One coronavirus patient described in the study as a 55-year-old woman with no history of psychiatric illness, began to behave oddly the day after she was discharged from hospital.

She repeatedly put her coat on and took it off again and began to hallucinate, reporting that she saw monkeys and lions in her house. She was readmitted to hospital and gradually improved on anti-psychotic medication.

Another woman, aged 47, also part of the study, was admitted to hospital with a headache and numbness in her right hand a week after a cough and fever came on. She later became drowsy and unresponsive and required an emergency operation to remove part of her skull to relieve pressure on her swollen brain.

“We want clinicians around the world to be alert to these complications of coronavirus,” the study reads.

A recommendation from the findings is that healthcare workers with patients who have cognitive symptoms, memory problems, fatigue, numbness or weakness, ought to discuss the cases with neurologists.

“The message is not to put that all down to the recovery, and the psychological aspects of recovery. The brain does appear to be involved in this illness,” reads the study.

The full range of brain disorders caused by Covid-19 may not have been picked up yet, because many patients in hospitals are too sick to examine in brain scanners or with other procedures.

Subtle brain damage

“What we really need now is better research to look at what’s really going on in the brain,” Zandi told The Guardian.

One concern is that the virus could leave a minority of the population with subtle brain damage that only becomes apparent in years to come. This may have happened in the wake of the 1918 flu pandemic, when up to a million people appeared to develop brain disease.

“It’s a concern if some hidden epidemic could occur after Covid-19 where you’re going to see delayed effects on the brain, because there could be subtle effects on the brain and slowly things happen over the coming years, but it’s far too early for us to judge now,” Zandi said.

On the day the study was made public, CNN anchor Richard Quest who contracted Covid-19 and recovered, wrote an article alluding to the effects that Covid-19 have on his neurological system.

“I am also discovering new areas of damage. I have now become incredibly clumsy. I was never the most lissome person, no one ever called me graceful, but my clumsiness is off the chart,” he wrote on the CNN website.

Mild confusion

“If I reach for a glass, or take something out of a cupboard, I will knock it, or drop it on the floor. I have tripped over the curb and gone flying. I fall over furniture. It is as if that part of my brain, which subconsciously adjusts hand and movement to obstacles it sees, isn’t working.”

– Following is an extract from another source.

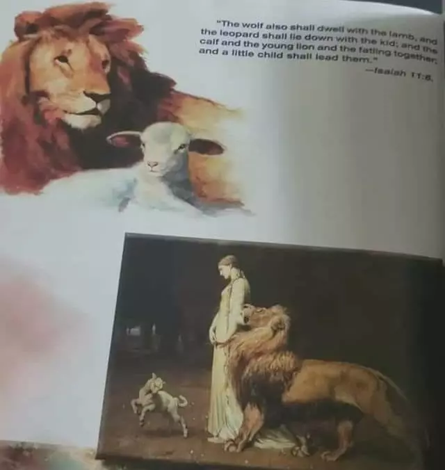 Why does this book say that the wolf will dwell with the lamb...but the picture shows a LION? It's because although the verse itself and the text has changed...the photo stayed the same!

He added that at times he got a sense of mild confusion. “The micro delay in a thought, the hesitation with a word. Nobody would notice but me,” he said. “The doctors try to reassure me, saying, this will wear off, but they can’t tell me when.”

The patients in the study included 24 males and 19 females with ages ranging from 16 to 85 years. Twenty-three of the patients (53 per cent) were non-white. On the basis of a positive nasal-pharyngeal throat SARS-CoV-2 PCR test, 29 were defined as definite Covid-19, eight were probable and six were possible for this association.

The severity of the Covid-19 symptoms varied from mild to critical.

However, David Strain, a senior clinical lecturer at the University of Exeter Medical School, said only a small number of patients appeared to experience serious neurological complications and that more work was needed to understand their prevalence.

“This is very important as we start to prepare post-Covid-19 rehabilitation programmes,” he told The Guardian.


“We’ve already seen that some people with Covid-19 may need a long rehabilitation period, both physical rehabilitation such as exercise, and brain rehabilitation. We need to understand more about the impact of this infection on the brain.”

Locally, some 8,528 cases have been confirmed to be positive.

Of these, Kenya has recorded 2,593 recoveries that have come on the back of 169 deaths.